Communicating to Third Party TCP Client through Ignition Gateway

I am trying to figure out the best way to accomplish utilizing Ignition to communicate ASCII string data to a third party TCP client. The process would work like this:

  • Panelview has a hand scanner connected to it via USB.
  • Operator scans a work order and string data gets saved to a tag.
  • Ignition monitors the PLC tag where that data is stored.
  • On change, send the string to a third-party TCP client.
  • The frequency of hand scan tag change would be around once per 1-2 hours.

I am trying to figure out which options would be available for this. I am not versed in TCP communication other than using the native TCP driver in Ignition to request information from a Moxa unit in a passive manner.

Hoping someone may be able to give me some advice.

  • Is it possible to use the built-in TCP driver for this application?
  • I’ve read through the forums and understand that opening a socket through jython is risky, and it not handled properly, can cause all kinds of issues.

Thanks for any advice in advance!

Can you clarify this? If taken at face value and the third party really is a TCP Client, that means the only way this works is if Ignition acts as a TCP Server to which that client constantly connected and just waiting for data to arrive over the socket.
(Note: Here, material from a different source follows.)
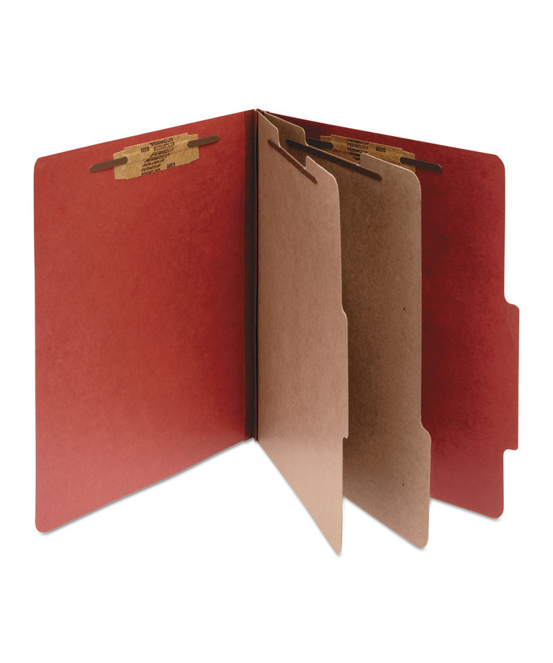Pressboard Classification Folders, 2/5-Cut Tab, Expands 3", 2 Dividers, 6 Fasteners, Letter Size, Earth Red, 10/Box

Possible, but the terminology is just weird enough to make me question.

The TCP driver won't help you here - it does the thing your TCP client would be doing. You would have to do this in scripting or with a module.

Hi Kevin,

Thanks for the quick response.

Apologies if I’m not clear. I’m new to this type of protocol. It might help if I explain the current configuration:

  • Hand scanner is connected to a Moxa box.

  • The third-party client (it is called Clarinet Scanpoint by Videojet) receives the Moxa box string and processes it sending it to a Videojet printer on the plant floor.

We want to use Ignition as the Moxa box if this is possible and reliable.

One detail I think is important is Clarinet can also be configured as a TCP server, but I don’t think this helps with how the application is intended to work?

Hopefully I answered your question.

Thanks,

Josh

It might...

Have you already verified that you can get the scanner result to land in an Ignition tag?

If so, then maybe a gateway tag change script that just connects to Clarinet configured as a TCP server, writes the data, then disconnects each time the tag changes would work.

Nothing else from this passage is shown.